Fitting generic targets

Besides energy-like targets, the library also supports reading (and training on) more generic targets.

Support for generic targets

Not all architectures can train on all types of target. Here you can find the capabilities of the architectures in metatrain.

Sample Table

Target type

Energy and its gradients

Scalars

Spherical tensors

Cartesian tensors

SOAP-BPNN

Energy, forces, stress/virial

Yes

Yes

No

GAP

Energy, forces

No

No

No

PET

Energy, forces

No

No

No

NanoPET

Energy, forces, stress/virial

Yes

Yes

Only with rank=1 (vectors)

Preparing generic targets for reading by metatrain

Only a few steps are required to fit arbitrary targets in metatrain.

Input file

In order to read a generic target, you will have to specify its layout in the input file. Suppose you want to learn a target named mtt::my_target, which is represented as a set of 10 independent per-atom 3D Cartesian vector (we need to learn 3x10 values for each atom). The target section in the input file should look like this:

targets:
  mtt::my_target:
    read_from: dataset.xyz
    key: my_target
    quantity: ""
    unit: ""
    per_atom: True
    type:
      cartesian:
        rank: 1
    num_subtargets: 10

The crucial fields here are:

  • per_atom: This field should be set to True if the target is a per-atom

    property. Otherwise, it should be set to False.

  • type: This field specifies the type of the target. In this case, the target is

    a Cartesian vector. The rank field specifies the rank of the target. For Cartesian vectors, the rank is 1. Other possibilities for the type are scalar (for a scalar target) and spherical (for a spherical tensor).

  • num_subtargets: This field specifies the number of sub-targets that need to be

    learned as part of this target. They are treated as entirely equivalent by models in metatrain and will often be represented as outputs of the same neural network layer. A common use case for this field is when you are learning a discretization of a continuous target, such as the grid points of a band structure. In the example above, there are 10 sub-targets. In metatensor, these correspond to the number of properties of the target.

A few more words should be spent on spherical targets. These should be made of a certain number of irreducible spherical tensors. For example, if you are learning a property that can be decomposed into two proper spherical tensors with L=0 and L=2, the target section should would look like this:

targets:
  mtt::my_target:
    quantity: ""
    read_from: dataset.xyz
    key: energy
    unit: ""
    per_atom: True
    type:
      spherical:
        irreps:
            - {o3_lambda: 0, o3_sigma: 1}
            - {o3_lambda: 2, o3_sigma: 1}
    num_subtargets: 10

where o3_lambda specifies the L value of the spherical tensor and o3_sigma its parity with respect to inversion (1 for proper tensors, -1 for pseudo-tensors).

Preparing your targets – ASE

If you are using the ASE readers to read your targets, you will have to save them either in the .info (if the target is per structure, i.e. not per atom) or in the .arrays (if the target is per atom) attributes of the ASE atoms object. Then you can dump the atoms object to a file using ase.io.write.
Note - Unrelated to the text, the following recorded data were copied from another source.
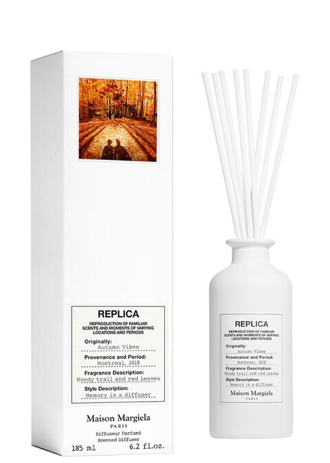 Launch year: 2021. Fragrance Family: Woody Spicy. Top notes: Cardamom, Pink pepper. Heart notes: Nutmeg, Maple, Carrot seeds. Base notes: Cedar, Moss. Design house: Maison Margiela. Design house category: fashion. Design house country: France. Scent name: Replica Autumn Vibes. Gender: Unisex. Category: Fragrance. SubType: Diffuser. Size: 6.2 oz. Barcode: 3614273922654. Maison Margiela Unisex Replica Autumn Vibes Diffuser 6.2 oz Fragrances 3614273922654. <br/><br/> This item is only valid for shipment in the Contiguous United States & Canada.
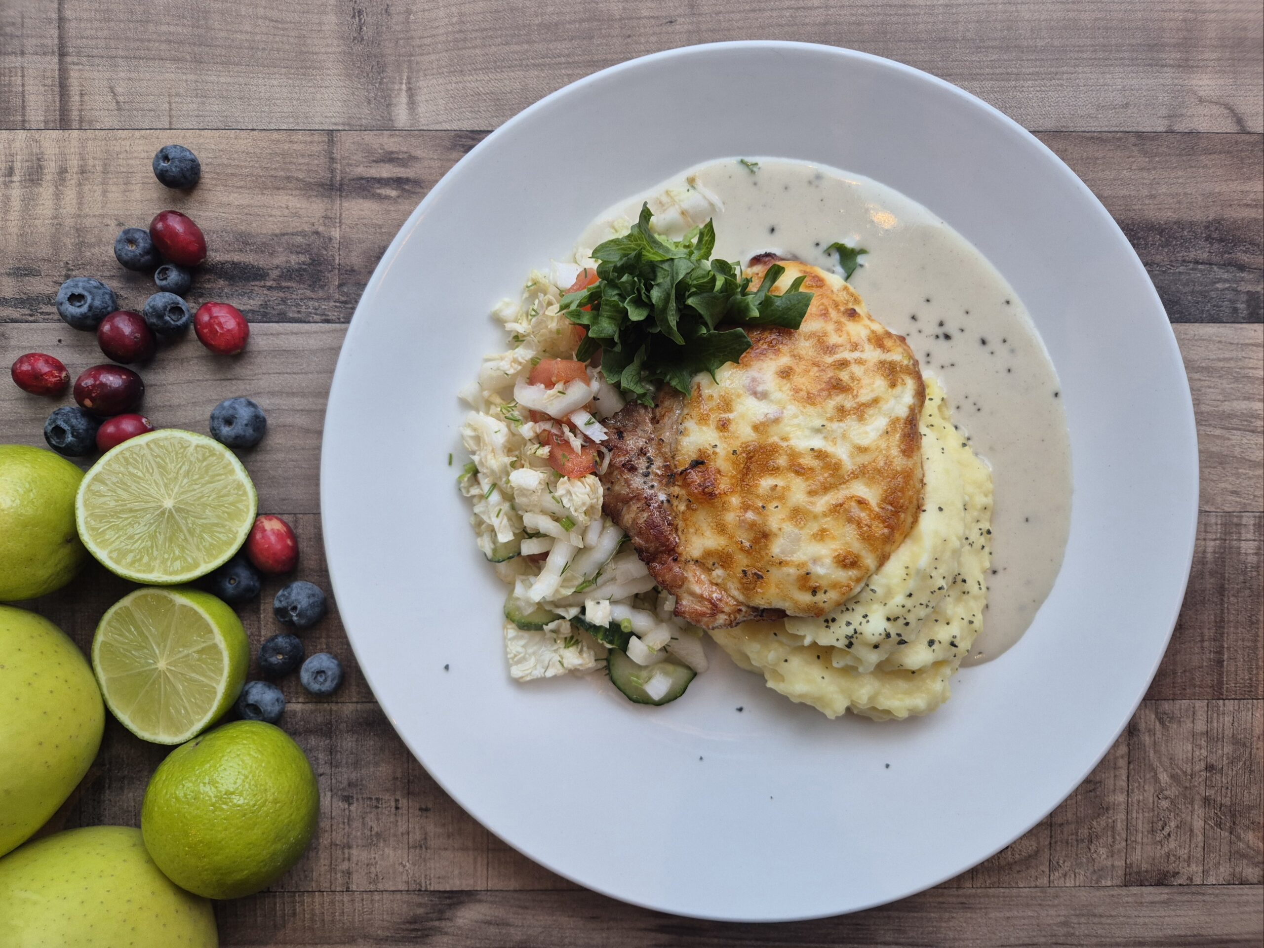 Küüslaugu-juustukattega sealiha, kartulipuder, hiinakapsa salat, soe kaste
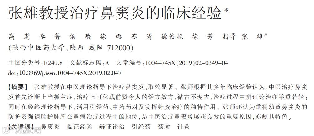[20]高莉,李菁,侯薇,等.张雄教授治疗鼻窦炎的临床经验[J].中国中医急症,2019,28(2):349-351,355.
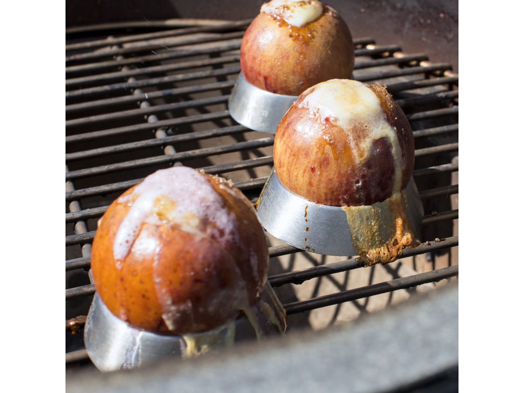 Rundes Gemüse lässt sich nur schwer in einer Position auf dem Grillrost halten. Aus diesem Grund hat BGE Grillringe entwickelt. Artischocken, Paprika, Äpfel oder Zwiebeln werden einfach auf die Nadel des Rings aufgespießt. Heiße Luft strömt durch die Mitte des Rings und zirkuliert um ihn herum, um ein gleichmäßiges Backen zu gewährleisten.

The ASE reader will automatically try to reshape the target data to the format expected given the target section in the input file. In case your target data is invalid, an error will be raised.

Reading targets with more than one spherical tensor is not supported by the ASE reader. In that case, you should use the metatensor reader.

Preparing your targets – metatensor

If you are using the metatensor readers to read your targets, you will have to save them as a metatensor.torch.TensorMap object with metatensor.torch.TensorMap.save() into a file with the .mts extension.

The metatensor reader will verify that the target data in the input files corresponds to the metadata in the provided TensorMap objects. In case of a mismatch, errors will be raised.

In particular:

  • if the target is per atom, the samples should have the [system, atom] names, otherwise the [system] name. In order to produce correct results, per-atom targets should be prepared in the same order as the atoms in the system. This means that you should use e.g. metatensor.torch.sort to sort the atoms in your target.

  • if the target is a scalar, only one TensorBlock should be present, the keys of the TensorMap should be a Labels.single() object, and there should be no components.

  • if the target is a cartesian tensor, only one TensorBlock should be present, the keys of the TensorMap should be a Labels.single() object, and there should be one components, with names [xyz] for a rank-1 tensor, [xyz_1, xyz_2, etc.] for higher rank tensors.

  • if the target is a spherical tensor, the TensorMap can contain multiple TensorBlock, each corresponding to one irreducible spherical tensor. The keys of the TensorMap should have the o3_lambda and o3_sigma names, corresponding to the values provided in the input file, and each TensorBlock should be one component label, with name o3_mu and values going from -L to L.